Task to complete: A picture-free, exact transcript of the entries below is required.
────────────────────────────────────────
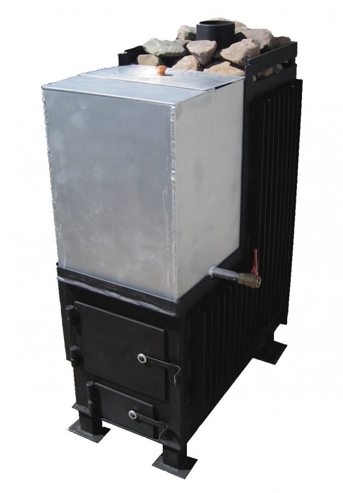 Tout réservoir de stockage dans la baignoire peut être chauffé de deux manières - soit à partir de la chambre de combustion elle-même, soit à partir de la cheminée. Le réservoir à distance ne peut être chauffé qu'au moyen des tuyaux partant du serpentin du four. L'inconvénient de la conception est la nécessité d'être proche du poêle (pas plus de 300 cm), mais pour la plupart des hammams, cela suffit.
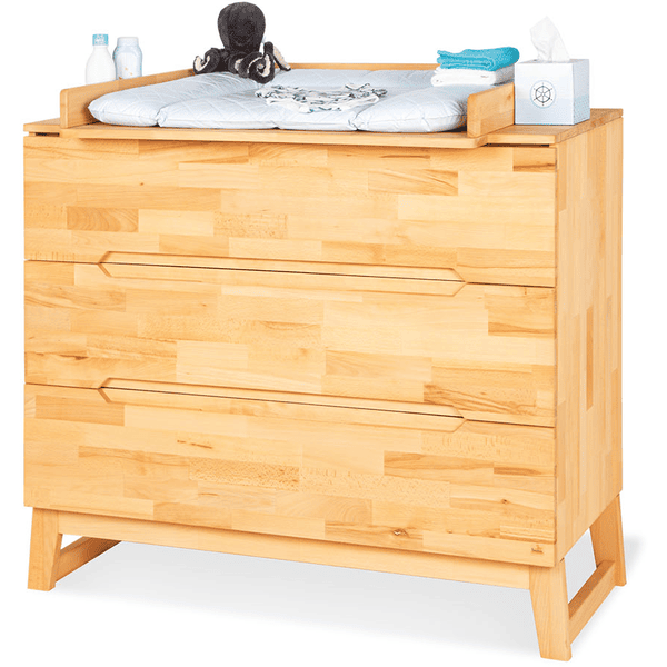 La estructura de madera claramente visible y las empuñaduras fresadas empotradas llaman la atención en cualquier guardería. El cambiador puede montarse a la izquierda, a la derecha o en el centro, o puede retirarse por completo para crear un moderno lateral board . La amplia construcción y los tres grandes cajones aden proporcionan suficiente espacio para pañales, productos de cuidado y otros accesorios. Después de la hora del cambio de pañales, también se pueden guardar allí camisetas, pantalones o jerseys. Los cajones están equipados con el probado sistema Self-Soft-Close, que les permite cerrarse de forma segura y silenciosa. Los dedos de los niños pequeños también están protegidos de las desagradables magulladuras cuando ayudan a sacar los utensilios para cambiar los pañales.
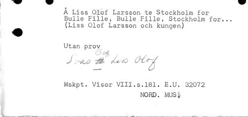//// o //// A Liss Olof Larsson te Stockholm for Bulle Fille, Bulle Fille, Stockholm for... ^^ (Liss Olof Larsson och kungen) //// Utan prov //// G<Sé , //// J i^uo fiCc-äd //// Mskpt. Visor VIII.s.181. E.U. 32072 //// NORD. MUS § ////
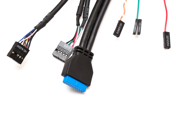 В набор кабелей от корпуса входит: разъем HD Audio, колодка USB 2.0, коннектор USB 3.0, три провода от кнопок запуска системы, индикатора питания и работы накопителей. Клавиша перезапуска системы и провод от нее отсутствует.
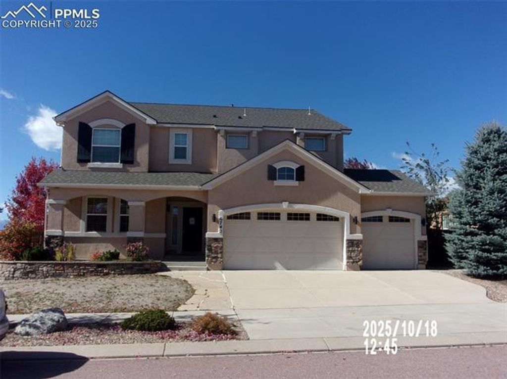 Open, spacious home with 2 stories, plus finished, walk-out basement on just under a 1/4 acre (10,198 sq ft), fully landscaped lot with concrete walk leading from garage side door to backyard, privacy fence, and views of Pikes Peak and Front Range from great room, covered deck, casual dining and master suite. 4,536 square feet 6 bedrooms, including large mastersuite with sitting room, generous walk-in closet, luxurious bath with with glass surround shower and bench, double vanity, over-sized tub, linen closet and French doors at bath and sitting room. 3 full baths, plus powder room. Site finished hardwood floors throughout 1st floor and wood-shelving in all closets 9-foot ceilings, soft neutral colors, hand-troweled walls, custom faux wood 2-inch blinds throughout home. Covered front porch, entry with double closet Study/Den with French doors Dining room with arched openings to front hallo and great room Kitchen with tall, soft white, Merillat Shaker-style cabinets, pull out shelves, soft close drawers, built-in wine rack, faux marble quartz countertop, farmhouse sink and bridge faucet, new Bosch dishwasher, slide-in LG electric range with dual-oven and warming drawer, walk-in pantry. Dining nook off kitchen with bank of French doors/glass sidelights leading to covered patio. Covered patio features Aztec composite decking, spindles and rails...looks new, with gas line Insulated and painted 3-cargarage with utility sink and overhead electric heater, epoxy floor 2nd floor features loft at top of stairs; large master suite, laundry room including lower cupboards, open shelving laundry sink and counter, two additional bedrooms Whole house fan with two-speed wall switch, whole house humidifier Finished walk-out
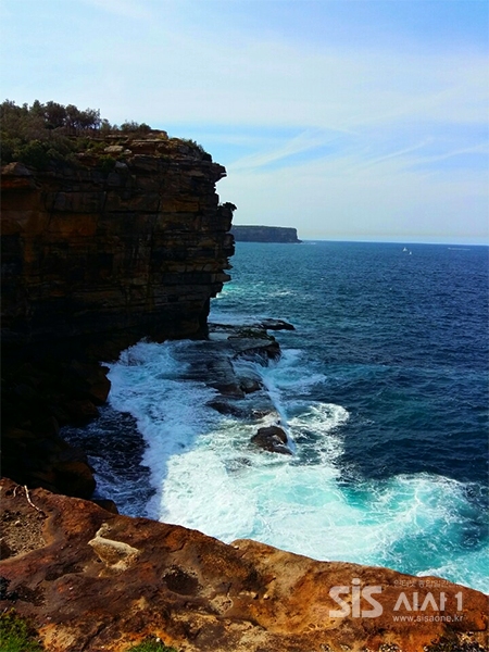 왓슨베이 절벽과 밀려오는 파도를 감상하는 관광객들의 모습이다.
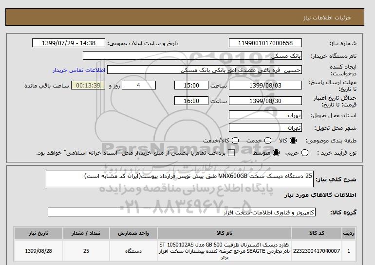 شرح کلی نیاز: 25 دستگاه دیسک سخت VNX600GB طبق پیش نویس قرارداد پیوست(ایران کد مشابه است)
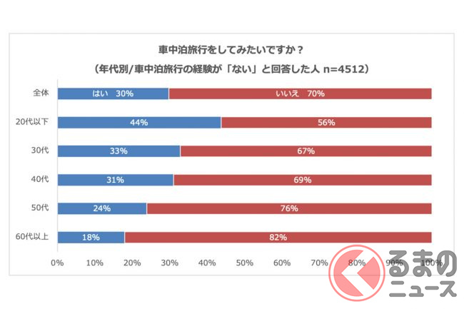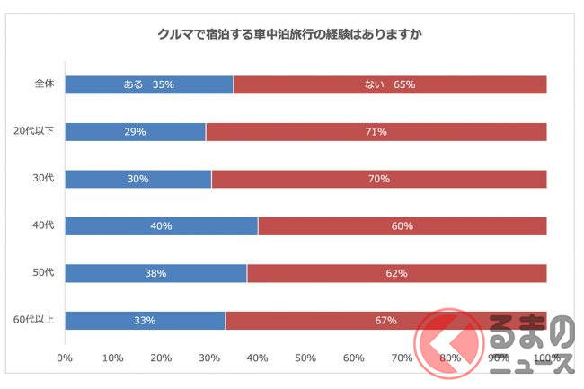 調査ではまず、クルマで宿泊する車中泊旅行の経験があるか聞きました。
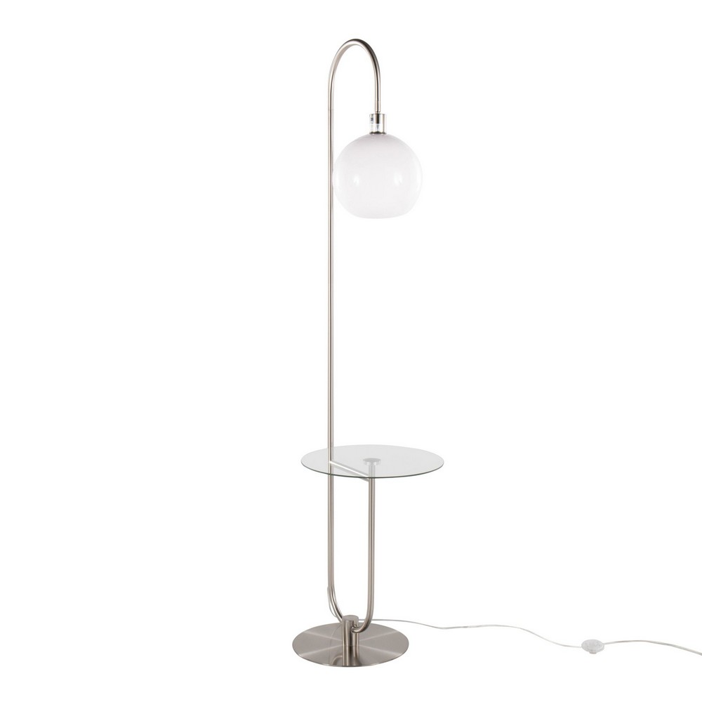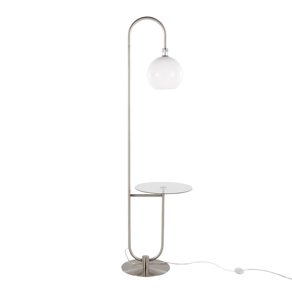 | Colors include: Nickel Metal, Clear Glass, White Plastic A chic mix of materials creates a contemporary look that will fit any room. The Trombone Floor Lamp by Lumisource is the perfect size for smaller spaces. With a nickel frame, attached tempered glass table, and white round sconce, the Trombone will look great next to any sofa, accent chair, or even in a bedroom. REQUIRES ONE (1) 60W BULB, Bulb included; Indoor use only, UL Listed, cUL Listed, Assembly Required; IMPORTANT: do NOT place tempered glass near heat vents or radiator vents; 17.75"L x 16"W x 70.5"H Shade To Floor Height: 52" Base Length: 10.5" Base Width: 10.5" Shade Length: 9" Shade Width: 9" Shade Height: 8.5" Round white sconce Round glass table top Nickel frame finish In-line foot switch Suitable for Living Room, Den, Office, Bedroom Item Weight: 16 Ships in 1 box(es) |
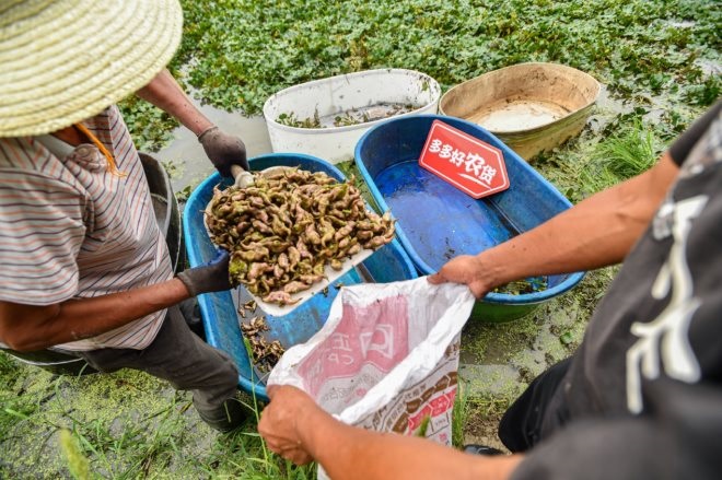 采購量穩(wěn)定后,很多以前養(yǎng)魚、養(yǎng)蝦、種田的農(nóng)民們,也選擇了種菱角。還有賦閑在家的村民,靠著采菱手藝做起了“兼職”,一個熟手一天能采一百多斤菱角,整個收獲季,能賺上三四萬元,順利實現(xiàn)了增收。
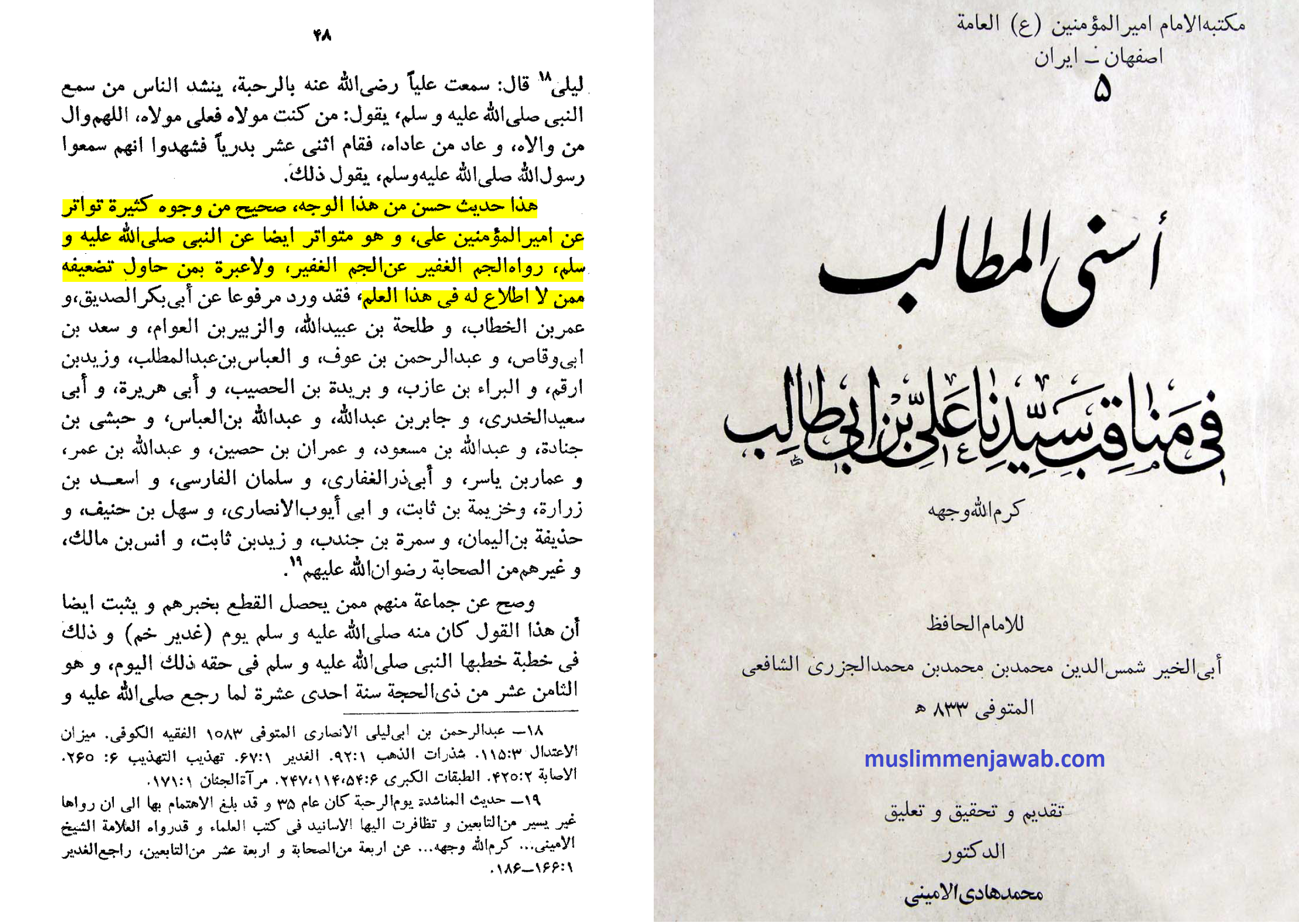 Syamsuddin Al-Jazri As-Syafi’i dalam kitabnya Asnal Matholib mengungkapkan ke shahihan dan kemutawatiran hadis Al-Ghadir. Beliau dalam kitabnya menulis:
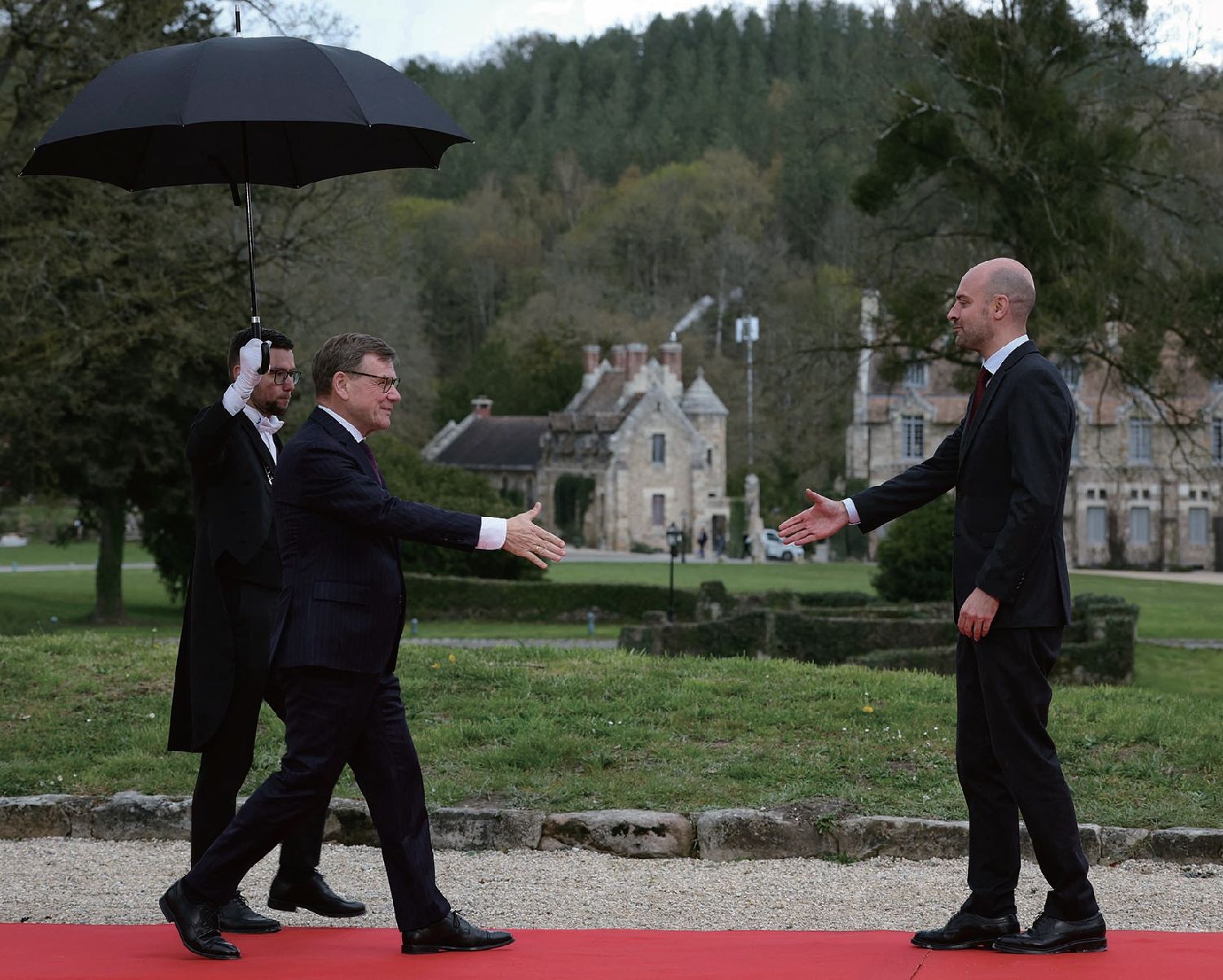 图为法国外长巴罗在会场外迎接德国外长瓦德富尔。法新社图
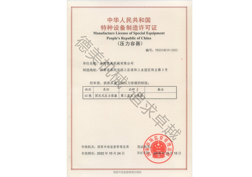 - 2020-08-29 特種設(shè)備制造許可證
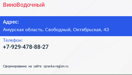 ВиноВодочный по адресу Амурская область, Свободный, Октябрьская, 43 в дальнейшем Организация, размещена в следующих категориях:
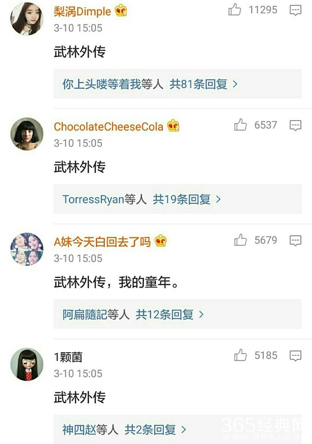 网友纷纷评论道:《仙剑奇侠传》、《恶作剧之吻》、《风云雄霸天下》、《爱情公寓》……
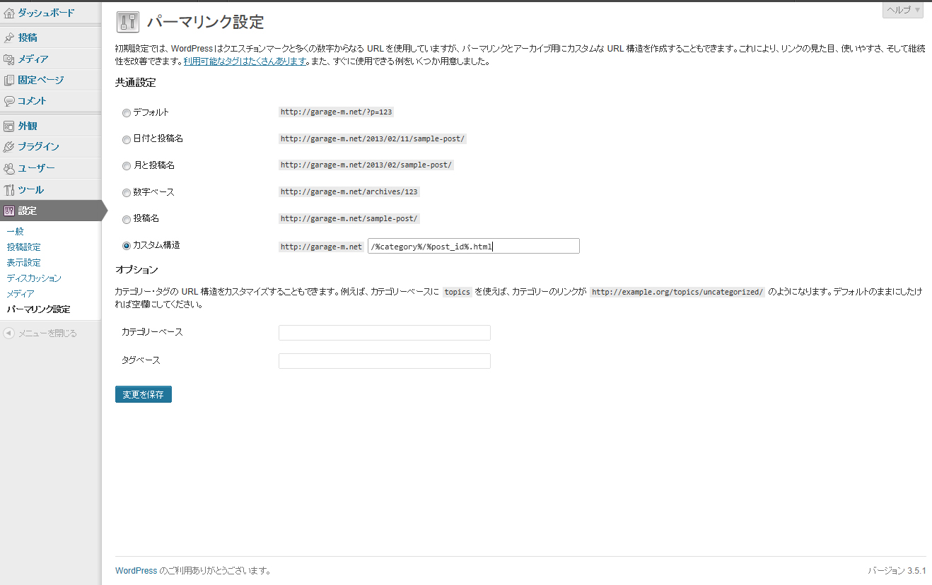 設定 → パーマリンク設定
────────────────────────────────────────
Written solution:
 Tout réservoir de stockage dans la baignoire peut être chauffé de deux manières - soit à partir de la chambre de combustion elle-même, soit à partir de la cheminée. Le réservoir à distance ne peut être chauffé qu'au moyen des tuyaux partant du serpentin du four. L'inconvénient de la conception est la nécessité d'être proche du poêle (pas plus de 300 cm), mais pour la plupart des hammams, cela suffit.
 La estructura de madera claramente visible y las empuñaduras fresadas empotradas llaman la atención en cualquier guardería. El cambiador puede montarse a la izquierda, a la derecha o en el centro, o puede retirarse por completo para crear un moderno lateral board . La amplia construcción y los tres grandes cajones aden proporcionan suficiente espacio para pañales, productos de cuidado y otros accesorios. Después de la hora del cambio de pañales, también se pueden guardar allí camisetas, pantalones o jerseys. Los cajones están equipados con el probado sistema Self-Soft-Close, que les permite cerrarse de forma segura y silenciosa. Los dedos de los niños pequeños también están protegidos de las desagradables magulladuras cuando ayudan a sacar los utensilios para cambiar los pañales.
//// o //// A Liss Olof Larsson te Stockholm for Bulle Fille, Bulle Fille, Stockholm for... ^^ (Liss Olof Larsson och kungen) //// Utan prov //// G<Sé , //// J i^uo fiCc-äd //// Mskpt. Visor VIII.s.181. E.U. 32072 //// NORD. MUS § ////
 В набор кабелей от корпуса входит: разъем HD Audio, колодка USB 2.0, коннектор USB 3.0, три провода от кнопок запуска системы, индикатора питания и работы накопителей. Клавиша перезапуска системы и провод от нее отсутствует.
 Open, spacious home with 2 stories, plus finished, walk-out basement on just under a 1/4 acre (10,198 sq ft), fully landscaped lot with concrete walk leading from garage side door to backyard, privacy fence, and views of Pikes Peak and Front Range from great room, covered deck, casual dining and master suite. 4,536 square feet 6 bedrooms, including large mastersuite with sitting room, generous walk-in closet, luxurious bath with with glass surround shower and bench, double vanity, over-sized tub, linen closet and French doors at bath and sitting room. 3 full baths, plus powder room. Site finished hardwood floors throughout 1st floor and wood-shelving in all closets 9-foot ceilings, soft neutral colors, hand-troweled walls, custom faux wood 2-inch blinds throughout home. Covered front porch, entry with double closet Study/Den with French doors Dining room with arched openings to front hallo and great room Kitchen with tall, soft white, Merillat Shaker-style cabinets, pull out shelves, soft close drawers, built-in wine rack, faux marble quartz countertop, farmhouse sink and bridge faucet, new Bosch dishwasher, slide-in LG electric range with dual-oven and warming drawer, walk-in pantry. Dining nook off kitchen with bank of French doors/glass sidelights leading to covered patio. Covered patio features Aztec composite decking, spindles and rails...looks new, with gas line Insulated and painted 3-cargarage with utility sink and overhead electric heater, epoxy floor 2nd floor features loft at top of stairs; large master suite, laundry room including lower cupboards, open shelving laundry sink and counter, two additional bedrooms Whole house fan with two-speed wall switch, whole house humidifier Finished walk-out
 왓슨베이 절벽과 밀려오는 파도를 감상하는 관광객들의 모습이다.
 شرح کلی نیاز: 25 دستگاه دیسک سخت VNX600GB طبق پیش نویس قرارداد پیوست(ایران کد مشابه است)
 調査ではまず、クルマで宿泊する車中泊旅行の経験があるか聞きました。
 | Colors include: Nickel Metal, Clear Glass, White Plastic A chic mix of materials creates a contemporary look that will fit any room. The Trombone Floor Lamp by Lumisource is the perfect size for smaller spaces. With a nickel frame, attached tempered glass table, and white round sconce, the Trombone will look great next to any sofa, accent chair, or even in a bedroom. REQUIRES ONE (1) 60W BULB, Bulb included; Indoor use only, UL Listed, cUL Listed, Assembly Required; IMPORTANT: do NOT place tempered glass near heat vents or radiator vents; 17.75"L x 16"W x 70.5"H Shade To Floor Height: 52" Base Length: 10.5" Base Width: 10.5" Shade Length: 9" Shade Width: 9" Shade Height: 8.5" Round white sconce Round glass table top Nickel frame finish In-line foot switch Suitable for Living Room, Den, Office, Bedroom Item Weight: 16 Ships in 1 box(es) |
 采購量穩(wěn)定后,很多以前養(yǎng)魚、養(yǎng)蝦、種田的農(nóng)民們,也選擇了種菱角。還有賦閑在家的村民,靠著采菱手藝做起了“兼職”,一個熟手一天能采一百多斤菱角,整個收獲季,能賺上三四萬元,順利實現(xiàn)了增收。
 Syamsuddin Al-Jazri As-Syafi’i dalam kitabnya Asnal Matholib mengungkapkan ke shahihan dan kemutawatiran hadis Al-Ghadir. Beliau dalam kitabnya menulis:
 图为法国外长巴罗在会场外迎接德国外长瓦德富尔。法新社图
 - 2020-08-29 特種設(shè)備制造許可證
 ВиноВодочный по адресу Амурская область, Свободный, Октябрьская, 43 в дальнейшем Организация, размещена в следующих категориях:
 网友纷纷评论道:《仙剑奇侠传》、《恶作剧之吻》、《风云雄霸天下》、《爱情公寓》……
 設定 → パーマリンク設定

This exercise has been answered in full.